# Kato Unitrack and DCC



## newcitysam (Oct 13, 2016)

I have seen this question asked several times on forums and such all over the internet but unless I am a total idiot I have yet to find an answer!

I have a layout consisting entirely of Kato Unitrack and #6 turnouts. I want to use DCC. I have heard these turnouts aren't DCC friendly but can be made to work by feeding power into the single end of the turnout, insulating the other two ends and then feeding beyond the switch.

Will this work? Has anyone used or are currently using this method?


Sent from my iPhone using Tapatalk


----------



## mopac (Feb 24, 2011)

If it works on DC, it will work on DCC.

Forget that DCC friendly stuff.

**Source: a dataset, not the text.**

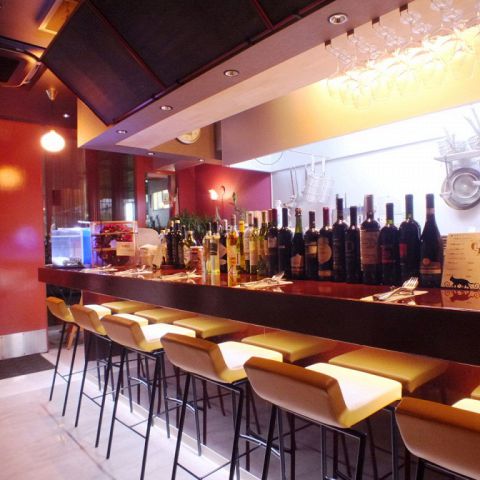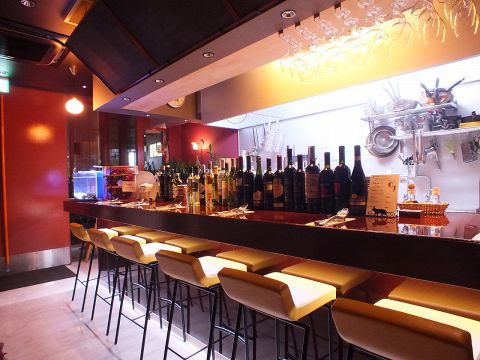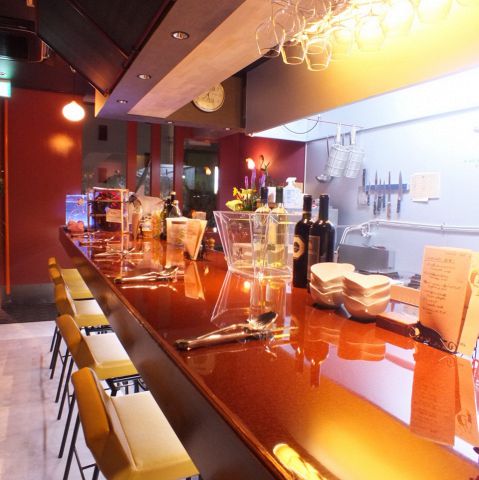 料理長がもてなすこだわりの料理の調理を目の前で愉しみながら、ワインや美味しい料理をどうぞ♪お1人様も安心です。駅より徒歩約1分なので、2軒目にも◎

Means nothing.


----------



## mopac (Feb 24, 2011)

When you are ready for DCC you will unhook the 2 wires at the DC transformer and hook them up to your DCC system and you will be ready to go.

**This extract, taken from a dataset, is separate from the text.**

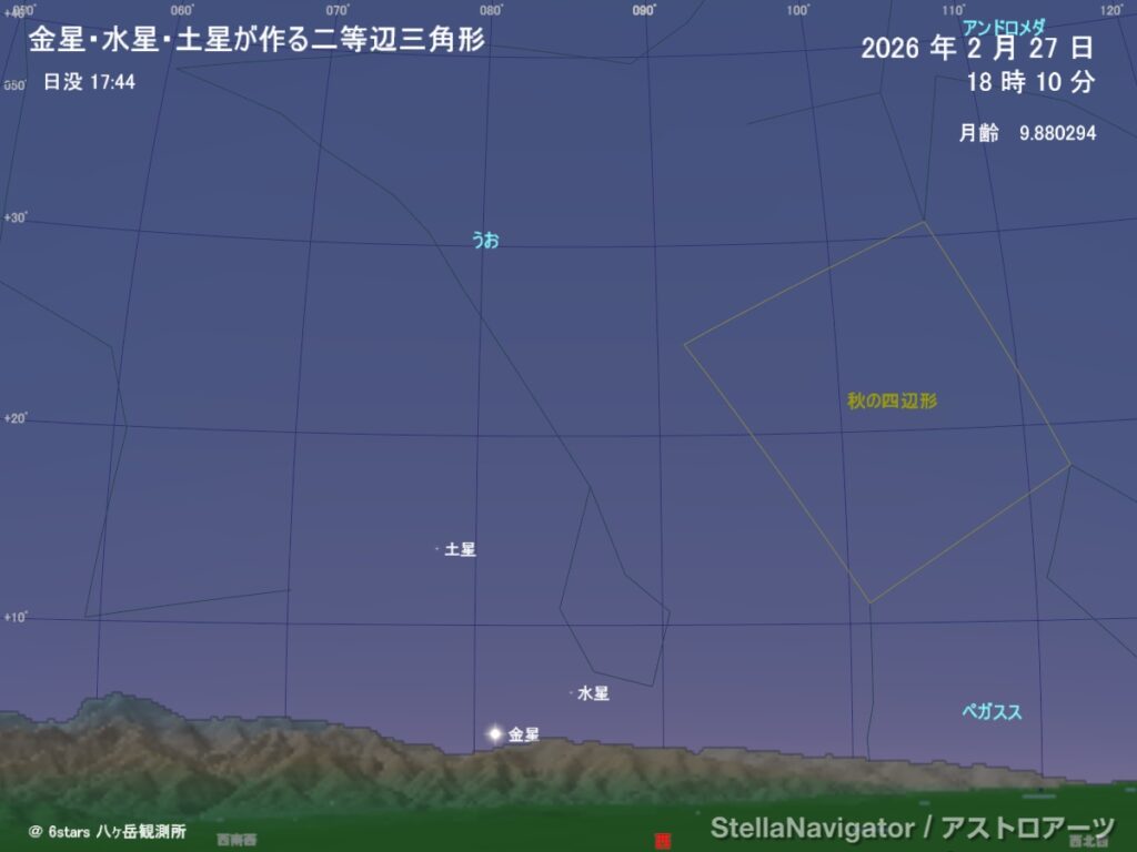 西の空で金星・水星・土星が集まっています。(昨日までの動き)

Now if it doesn't work on DC it will not work on DCC.


----------



## wvgca (Jan 21, 2013)

Underneath the Unitrack turnout, there should be two little screws for how they feed power ..
For DCC operation, the one screw should be set for non-power-routing, and the other screw for setting the frog to the insulated position .. 
I don't have Unitrack, but helped another fellow get his sorted out a few years ago , no special wiring or modifications were needed as far as I recall, nor do I remember if or where he may have used insulated joiners ..
This is pretty much my total knowledge of Unitrack, and was some time ago, hopefully it's kinda correct


----------



## newcitysam (Oct 13, 2016)

My #6 turnouts do not have those screws on the bottom to set the power routing. That feature is only on the #4 turnouts in N Scale.

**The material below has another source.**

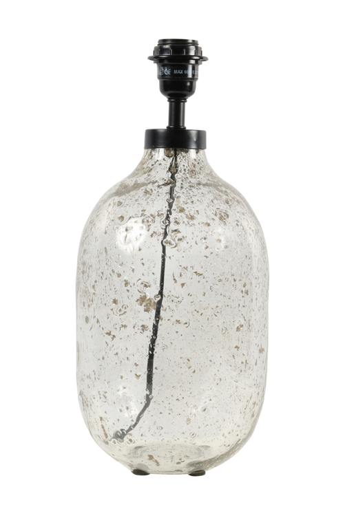 Groove lampfot är handgjord i ofärgat glas med bubblor och sandeffekter. Vi har inspirerats av gamla flaskor för att få en ruff känsla och varje lampa blir unik. Svarta metalldetaljer och 2 meters svart sladd. Höjd 40 cm, Ø 16 cm. Sockel E27. Max 40 W. Ljuskälla ingår ej.

Sent from my iPhone using Tapatalk


----------



## mopac (Feb 24, 2011)

Do your turnouts work on DC?


----------



## newcitysam (Oct 13, 2016)

Yes, layout works 100% on DC. When connected to DCC and loco attempts to enter a turnout not switched for the leg it's entering from the DCC shorts and restarts. When you switch the turnout to the diverging side the loco stops instantly like it's no longer getting power!


Sent from my iPhone using Tapatalk


----------



## mopac (Feb 24, 2011)

Is it the same loco that runs fine on DC? If it is the same loco, I am sorry, I have
no idea . DC or DCC would not make the loco take a turnout that was not set. The
short will happen if the wheels derail. It probably shuts your DCC down. I will say
clean track seems to be more important with DCC. I am not familiar with kato
turnouts.

I still say if it works fine on DC, it should on DCC also.


----------



## newcitysam (Oct 13, 2016)

I believe I have figured it out! I assumed the switch would throw on it's own as the train entered the turnout from either of the converging directs as in the real world prototype! Also, I added feeders to each section of layout in AND out of each turnout. So now with each turnout set properly for the direction of travel everything works properly!


Sent from my iPhone using Tapatalk


----------



## mopac (Feb 24, 2011)

Glad you got it working.


----------



## Guest (Nov 6, 2016)

The little screws to select power routing are on the bottom of the #4 turnout. The #6 is always power routing and doesn't have them.

The turnouts are not non-derailing, and since they are power routing they will create a short if a loco or car with metal wheels approaches from the wrong leg. 

There is some technical reason why Unitrack is not considered DCC friendly but I, and many others, have used it to build DCC layouts for many years with no problems.


----------